A few days later, after a ten inch snowfall the night before, he found another dip in the tarp down where he’d stacked the 2 year old oak.

“That does it,” he growled, squinting at the curly-cues of acrid smoke floating out of the neighbor’s chimneys, especially Biscuit’s. He carried an armload of sticks into the shop and strode with a purpose and clenched jaw out to the locked storage shed where he kept stuff he didn’t want in the house or didn’t need very often. There was a musty old cot in there where his second son Maylon by his third wife’s sister Verna from out on the islands stayed when he came ashore every year or so, but that’s another story……
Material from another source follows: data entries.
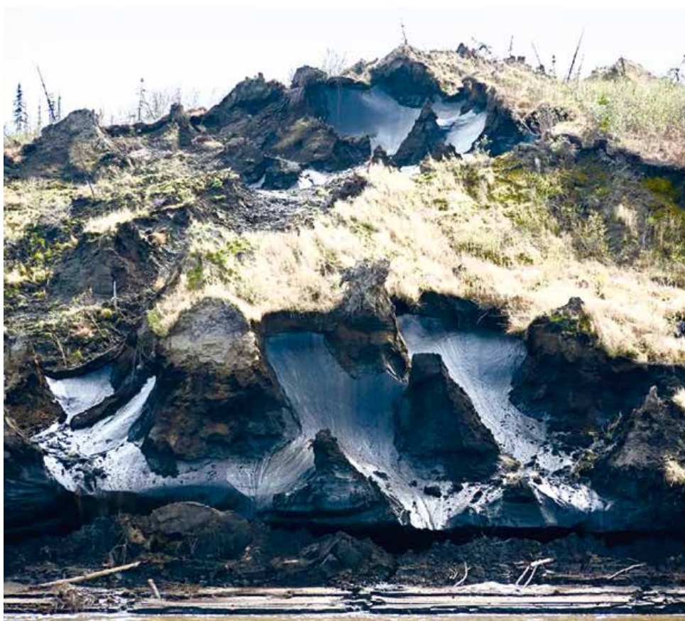
Eroding permafrost cliffs: the soil on the banks of the Kolyma River slides over the still-frozen layers, carrying organic material with it, which then gets washed away by the river. Much of it decomposes, releasing carbon dioxide.
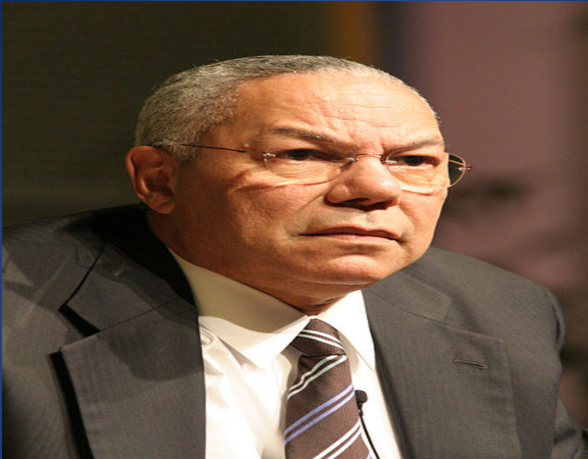
General Colin Powell, 1993

"The one that scares me to death, perhaps even more so than tactical nuclear weapons, and the one we have the least capability against is biological weapons.", 1993
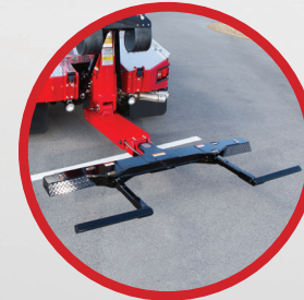
HYDRAULIC SELF-LOADER (OPTION)
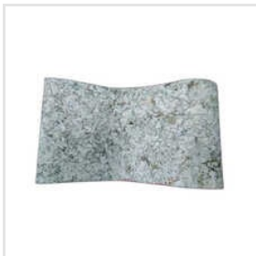
Recycled Plastic Roofing Sheet
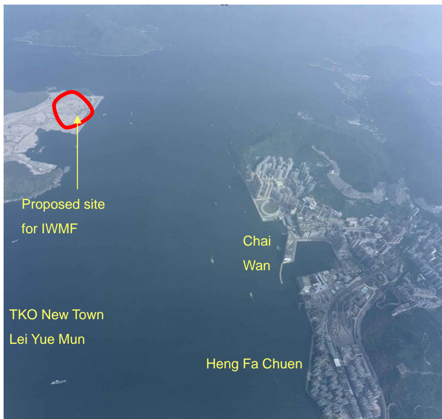
Figure 2 – Aerial View of Tseung Kwan O Area 137

He rummaged through boxes and crates, sputtering and grumbling like an old bear. “I’ll find out who’s filchin’ my goddamned wood I tell you what’s the goddamn truth mister man! Yessah!………” He found what he was looking for in a box of gear he and his other brother Pebbles used to use when they went night fishing on the County Line Pond before the wardens cracked down and started checking the records down to Farley’s Hardware and Farm Supply on the Damariscotta Road to see who might be buying an unwarranted amount of dynamite during trout season. He selected a two-inch hand-auger from his workbench and picked up a nice piece of oak from the woodpile on his way back to the shop.

Thirty minutes later, he put the “Have-a-nice-day” stick of oak back on the woodpile and replaced the tarp. The bung plug in the end of the stick had been sawed off clean and was hardly noticeable unless you knew it was there. He looked from Biscuit’s cabin to Booger’s place and then scanned Eunice’s chimney and the others. “One o’ you bahstids is gonna learn to keep yer friggin’ fists outa my woodpile, I’ll tell you what’s the truth….” He spat before walking back into the shop.
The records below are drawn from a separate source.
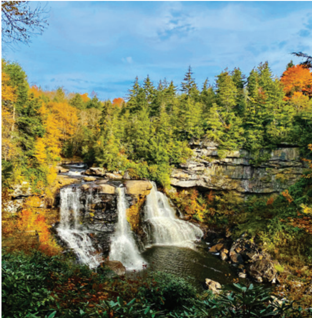
Blackwater Falls
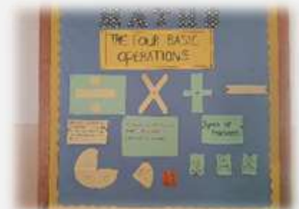
Using visuals to help the children understand in maths
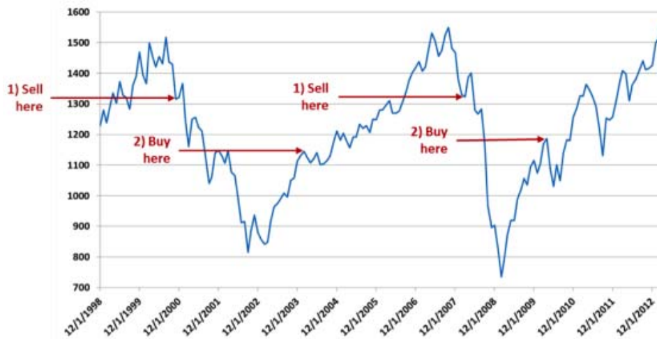
Figure 2: More realistic "irrational" buying and selling S&P 500 January 1998 – March 2013
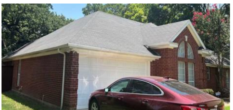
(8) LEFT FRONT CORNER ELEV.
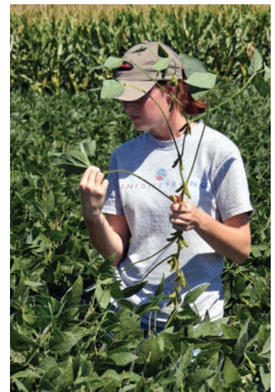
Figure 9. Scouting for insect pests is the tried and true approach.

Growers frequently face limited choices regarding seed treatments. Popular soybean varieties are often offered only with a pre-applied package of seed treatments. Growers who desire untreated soybean seed, or seed treated only with fungicides, should let their seed dealers know as early as possible when ordering seed for the next growing season.
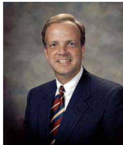
tracking the entire world

I am proud of this community. Nicodemus deserves to be honored for its contributions to American history. I commend and encourage the preservation efforts of the National Park Service and the residents of this amazing town.”

About two days later, after a good snowstorm, Ruell found out who was helping himself to his wood. Biscuit swore up and down he’d been borrowing wood from Eunice and would never think of treating his own brother that way, which Eunice denied, explaining she’d bought all of her wood from Booger. Ruell asked Booger about it but Booger swore he’d nail a pig’s head to Ruell’s shop doorjamb if he ever accused him of thievery again. They still aren’t talking, last I heard. The Eugleys let Biscuit live in their chicken coop until he got his own place rebuilt, and Ruell never did find out who had been stealing his wood.

But even after nearly thirty years, I hear it ain’t never happened again.